B.C. has become the second province to mark Orange Shirt Day (Sept.30), also known as National Day for Truth and Reconciliation, as a provincial statutory holiday. (THE CANADIAN PRESS/Heywood Yu)

B.C. has become the second province to mark Orange Shirt Day (Sept.30), also known as National Day for Truth and Reconciliation, as a provincial statutory holiday. (THE CANADIAN PRESS/Heywood Yu)

B.C. marks 10th anniversary of Orange Shirt Day with new statutory holiday

British Columbians asked to mark holiday by learning about legacy of residential school system

Public exhibitions, educational sessions, communal walks and survivor testimonies will help British Columbians reflect on the legacies of Canada’s residential school system tomorrow on the 10th anniversary of Orange Shirt Day.

Events stretch across B.C. Sept. 30, from Taylor in the Peace River Region to Cranbrook in the Kootenays, from the Okanagan to Fraser Valley to Downtown Vancouver, which will host multiple events, to western Vancouver Island.

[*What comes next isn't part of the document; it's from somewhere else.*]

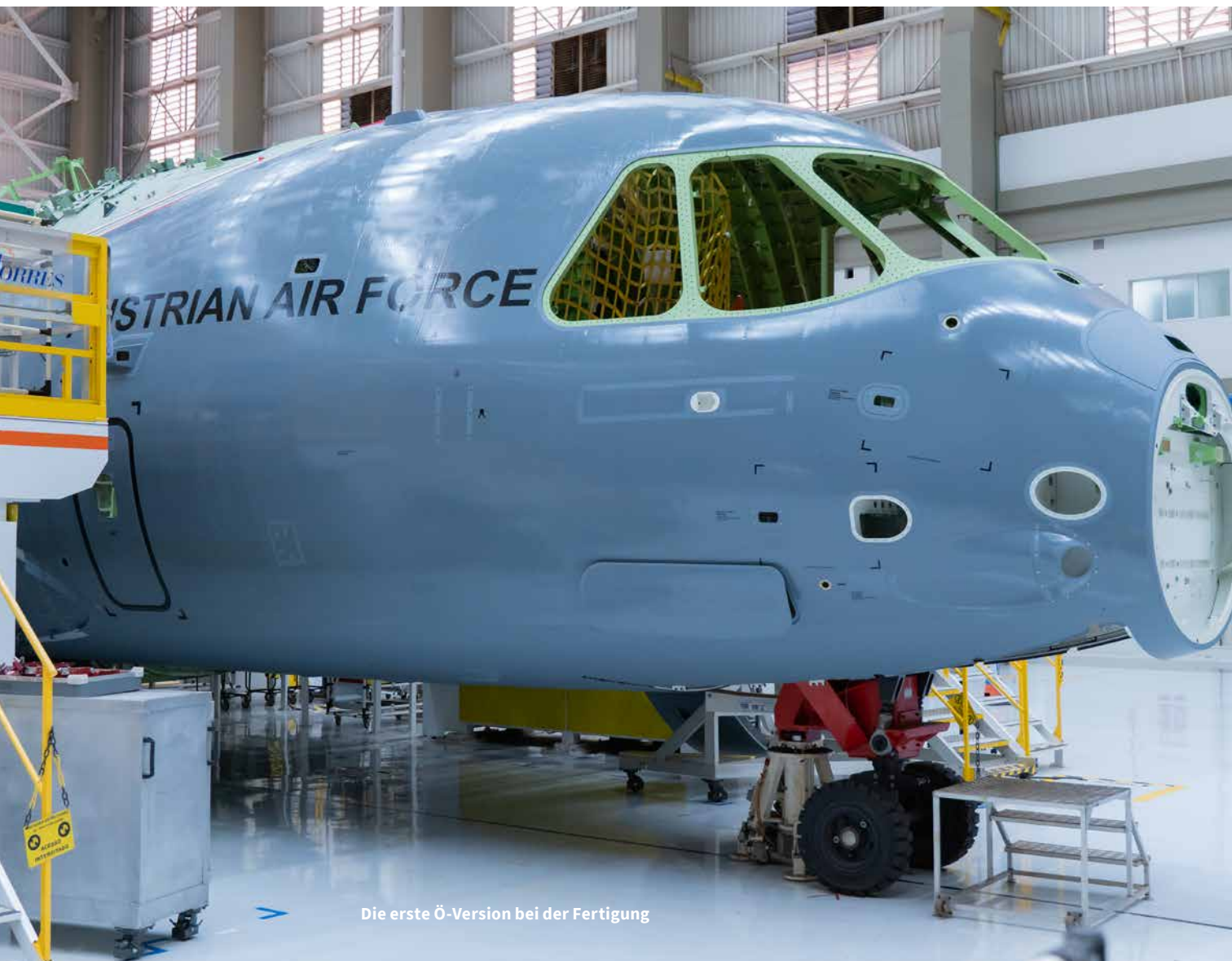
Die erste Ö-Version bei der Fertigung

Das Luftfahrzeug kann durch seine Bauweise rasch für die unterschiedlichen Einsatzrollen konfiguriert werden. Dazu zählen Cargo- und Truppentransport, Luftlandeeinsätze, Absetzen von Lasten, medizinische Evakuierung (mittels MEDEVAC-Container), Feuerbekämpfung aus der Luft und auch Luft-Luftbetankung als Receiver.

Phyllis Webstad, a Northern Secwepemc (Shuswap) from the Stswecem’c Xgat’tem First Nation (Canoe Creek Indian Band), started Orange Shirt Day in 2013. Webstad had received an orange shirt from her grandmother, only to see it ripped away after arriving at St. Joseph’s Indian Industrial School in Williams Lake.

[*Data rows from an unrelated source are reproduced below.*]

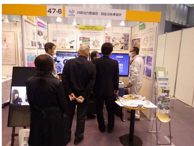
▲興味深く説明を聴く来場者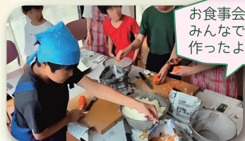
お食事会 みんなでカレーを 作ったよ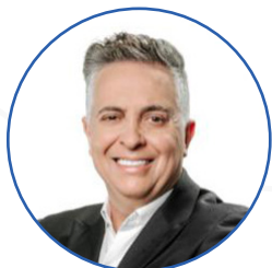
Álvaro Damião Prefeito de Belo Horizonte/MG

The anniversary not only marks National Day for Truth and Reconciliation across Canada, but also the inauguration of a new statutory holiday in British Columbia after the provincial legislature had passed legislation in early March.

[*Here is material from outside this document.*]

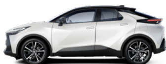
2VP Platinum White Pearl/ Night Sky Black lakier perłowy bez dopłaty – Style*, Executive, GR SPORT

B.C. joins Prince Edward Island as the second Canadian province to formally commemorate the holiday with a paid-off holiday. The Northwest Territories, Nunavut and the Yukon also recognize Sept. 30 as a statutory holiday with the actual day falling on Monday, Oct. 2. Sept. 30 became a federally recognized holiday in 2021 following a recommendation from the Truth and Reconciliation Commission.

It defined the residential school system which existed for almost 150 years as a “systematic, government-sponsored attempt to destroy Aboriginal cultures and languages and to assimilate Aboriginal peoples so that they no longer existed as distinct peoples” as part of a “cultural genocide.”

Spread across more than 150 locations, the system forced more than 150,000 Indigenous children to attend sub-standard, over-crowded schools, where they frequently experienced harsh treatment, with many becoming victims of emotional, physical and sexual abuse.

While the search for the exact number of children who died in the system continues, current research pegs the number at more than 4,100 with other estimates pegging the number closer to 6,000.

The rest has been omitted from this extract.